I remember taking my kids to games there in the chill, foggy evenings. Sue’s dad, Peter, took his family, too. There are stories about games being called when players couldn’t see more than 10 feet ahead. The lighting was so bad that outfielder Gus Stathos would trap one-bounce fly balls in the gloom, leap up, and brandish the ball, claiming that he’d caught it on the fly for an out.

The Laguna Park story starts in 1933, as America’s Great Depression deepened. The Junior Chamber of Commerce figured that a major-league farm team or spring-training site would put dollars into S.B.’s drooping economy.

The city decided to build the field in open space between Olive, Ortega, Garden, and Cota streets, and to close off Laguna Street. Unfortunately, the site lived up to the Laguna name: By the 1900s, it had become a dumping ground and muddy marsh, rimmed by tules that burned off occasionally. In 1928, the dump caught fire and burned for two weeks, sending armies of giant rats scampering. By the 1930s, it was a stinking mess.

But in 1938, it was transformed using New Deal money. (Little did the players suspect that beneath their spikes, many feet down, were the carcasses of 300 to 500 wrecked cars.) At first, major league scouts turned up their noses at the idea of locating a team where heavy rains sometimes submerged the field under two feet of water, flooding the dugout and clubhouse. So people in town formed teams and were greeted by large crowds. Then, in 1941, the Dodgers (still based in Brooklyn, of course) arrived with a farm team dubbed the Santa Barbara Saints. Its star pitcher was Walt Olsen, whom I met later when he was a sheriff’s lieutenant and I was covering police, the sheriff’s office, and the courts.

After Pearl Harbor, December 7, 1941, Laguna Park’s lights went dark, but when the war ended, Santa Barbarans again flocked to the park. “Attendance was sensational at Laguna Park in the 1940s,” Badillo said. Bob Ponce, the late News-Press chief photographer, recalled watching players launch home runs over the short right-field fence toward Mom’s Italian Village restaurant.

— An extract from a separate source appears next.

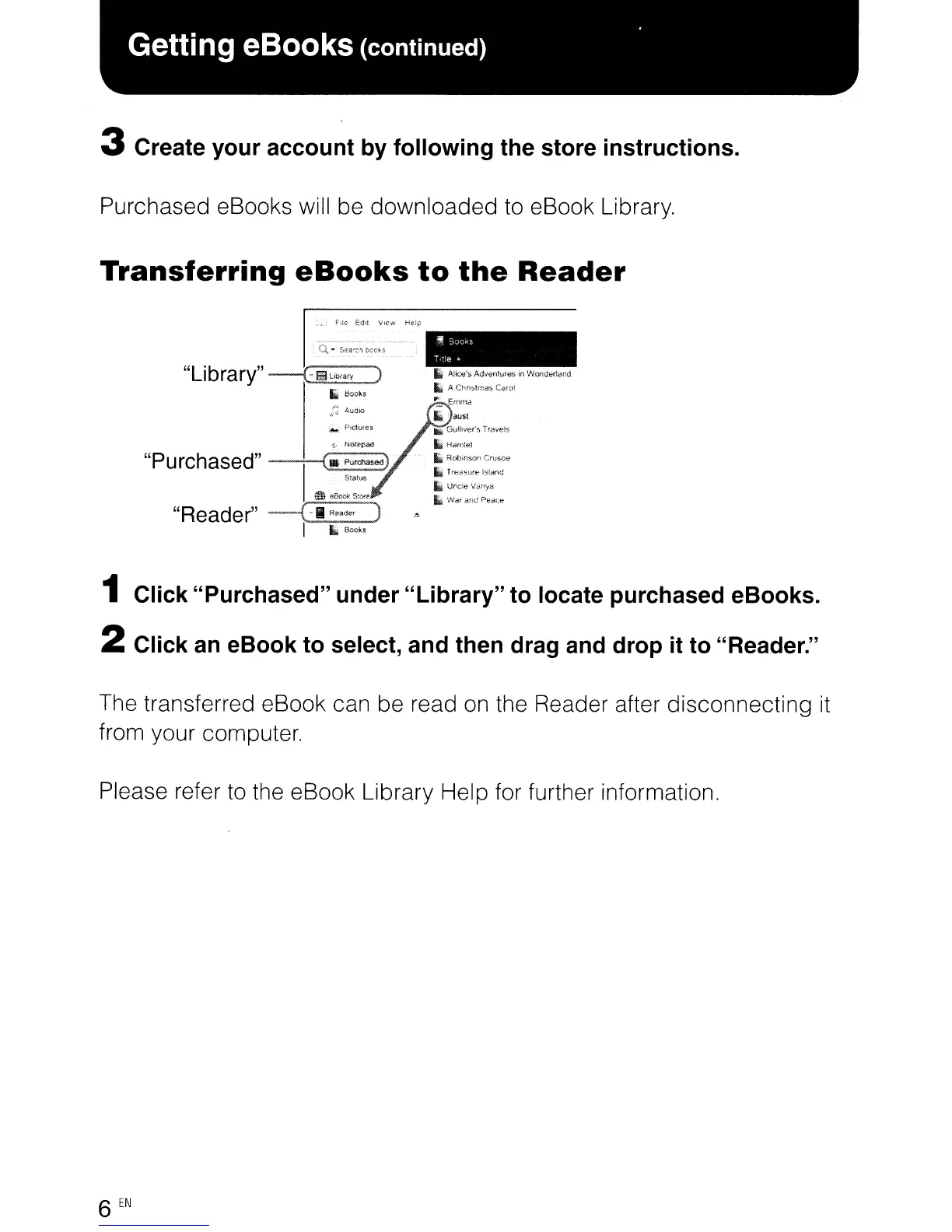 1 Click "Purchased" under "Library" to locate purchased eBooks.

But minor league teams all over the country were being hit by boob-tube-itis. Why watch minor leaguers when you could see the big show on TV? By 1950, when the Saints won the Class C Cal League championship, attendance had dipped to 43,000.

The Dodgers pulled out in 1953. In 1961, local rooters like Jerry Harwin and Caesar Uyesaka talked the Mets into locating a team called the Santa Barbara Rancheros at Laguna Park. They were gone by 1964 and the Dodgers were back, lured by a $1/year rent in return for revamping the rickety old park and installing new lights.

Despite all kinds of promotions and the chance to see Dodger stars of tomorrow, attendance averaged only 225. The Dodgers left for good in 1967 after losing a reported $100,000. City Hall began clamoring to raze the unused acreage. The Park Commission urged that the green space be kept for Eastside recreation, but the wrecking ball was called in to pitch.

Even Pearl Chase struck out trying to save the old park. It died at 32. RIP Laguna.

But it lives on, sort of. According to Independent history columnist Michael Redmon, writer/director Ron Shelton, who grew up in Santa Barbara, had Laguna Park in mind when he made his popular film about minor league baseball, Bull Durham.